Mais la priorité des priorités concerne sans doute l’investissement humain. Avec la collecte de « seulement » 350 ha, la coopérative est bien consciente des risques que lui ferait courir une érosion du vignoble. C’est pour cela qu’elle s’est lancée dans une politique pro-active de recrutement de jeunes adhérents. Une commission foncière a été constituée à cet effet. Sa mission ? Répertorier les vignes qui deviennent disponibles et favoriser l’installation de nouvelles « pousses ». Viti-Oléron a accueilli une nouvelle recrue en 2005 et espère l’installation de trois jeunes courant 2006. Anticiper le cycle de départs lui semble la seule attitude à tenir. « Une transmission d’exploitation ne se décide pas la veille pour le lendemain mais se prépare un ou deux ans à l’avance. » La grille de paiement a fait l’objet d’une refonte sur la récolte 2004 dans une optique bien évidemment qualitative. « La coopérative et les viticulteurs doivent rester vigilants sur la qualité et réactifs par rapport au marché. L’obtention de la certification Agri-Confiance est un premier pas vers l’avenir » a noté le directeur Bruno Delage. La coopérative a profité de l’embellie sur le Cognac pour augmenter ses stocks d’eaux-de-vie en 2004 et 2005. « C’est grâce à cette “épargne” que nous allons pouvoir retrouver une indépendance financière et une dynamique d’investissement » a confirmé Louis Auvray. La coopérative s’est-elle délestée trop tôt d’une partie de ses stocks, alors que les cours étaient au plus bas ? Cette question quasi existentielle – qui se pose à tout bouilleur de cru – nourrit sinon une polémique du moins un doute. Le président de Viti-Oléron s’est interrogé tout haut : « Est-ce un manque d’appréciation qui nous a fait vendre trop vite pour rembourser un warrant ? » « Votre conseil a pris une sage décision qui a fait redescendre la charge de la dette » a rassuré le représentant du Crédit agricole.

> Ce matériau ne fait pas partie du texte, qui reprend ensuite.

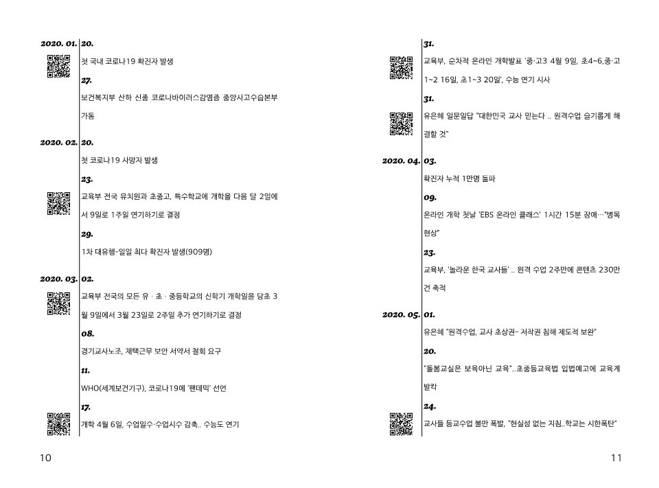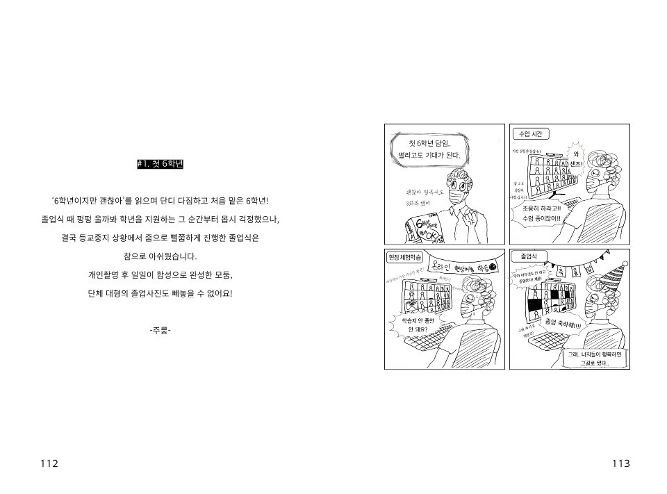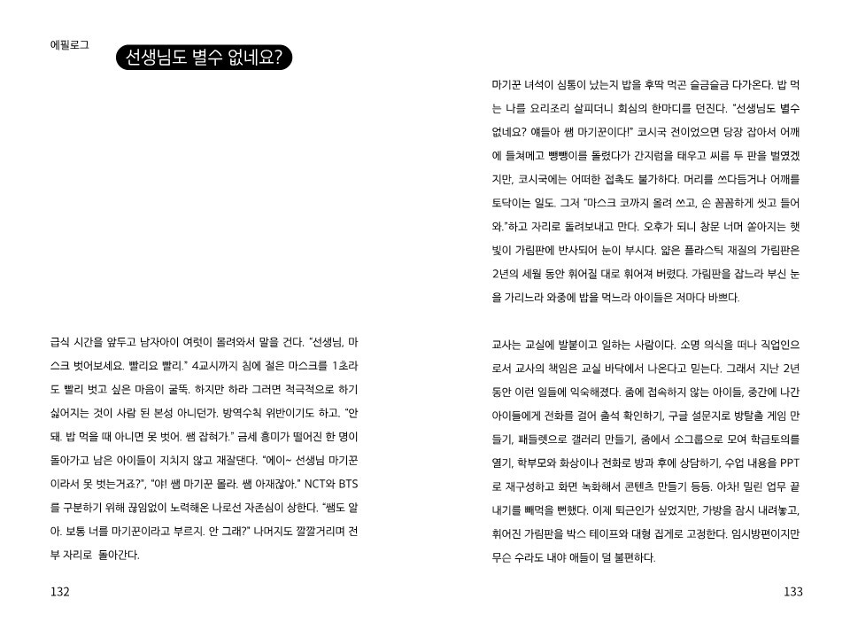 2020년 3월은 아무것도 정해지지 않았었죠. 모두가 혼란했고, 코로나가 길어질 거란 예상을 안 했던 것 같아요. 교육과정만 조금 조절하면 되지 않을까 하면서. 개국한 이래 처음으로 3월에 개학을 못 한 해라고 하더라고요. 저 역시 3월 2일인데 아이들이 없다는 게 상당히 낯설었죠. - 53쪽

Dans sa conclusion, le président de la coopérative a fait part d’une autre inquiétude, celle afférente à la spéculation immobilière qui sévit sur l’île d’Oléron comme sur l’île de Ré voisine. « Nous entrons dans une période de changements et de turbulences. Rien n’est simple en matière foncière. Si notre île est un “joyau”, pensons à l’entretenir et à la protéger. C’est dommage qu’il n’y est pas plus d’élus pour nous entendre. » Après avoir écouté la présentation de Benoît Stenne, du SGV, sur le projet de réforme du décret INAO Cognac, des viticulteurs oléronnais ont émis la proposition suivante : rebaptiser le Cognac de Bois Ordinaires en « Cognac des Iles ». Une appellation nettement plus poétique.

 

Les résultats de la coopérative

En 2004, les surfaces apportées à la coopérative furent de 350 ha, dont 267 ha d’Ugni blanc, 10 ha de Colombard, 13 ha de Sauvignon, 40 ha de Merlot, 19 ha de Cabernet. Quelques nouvelles plantations de cépages améliorateurs ont eu lieu en 2004 et 2005. Dès 2007, des adhérents envisagent de planter du Chardonnay. Lors des vendanges 2004, la cave a réceptionné 2 200 hl vol. de moûts Pineau. Elle a élaboré 3 600 hl vol. de vins de pays dans les trois couleurs, blanc, rouge, rosé. Le Sauvignon notamment affiche une progression intéressante. Les ventes de produits conditionnés (Pineau vrac et produits embouteillés) ont occasionné 77 % du chiffre d’affaires de la coopérative sur l’exercice 2004-2005. La moitié des produits conditionnés de Viti-Oléron a été vendue par la grande distribution. Le magasin de la cave a quant à lui écoulé 30 % des produits embouteillés. Concernant les vins de pays en bouteilles et bag in box, leurs ventes ont progressé de 13,26 % par rapport à l’année précédente et de 49 % depuis 4 ans. A noter que les volumes écoulés en bag in box ont été multipliés par 7 en quatre ans contre un coefficient multiplicateur de 1,8 pour les bouteilles sur la même période. Les ventes de Pineau ont progressé de 4 % en un an et de 5,48 % en cumul sur 4 ans. Progressivement, la cave entend affecter la majeure partie de sa production de Pineau à la vente en bouteilles.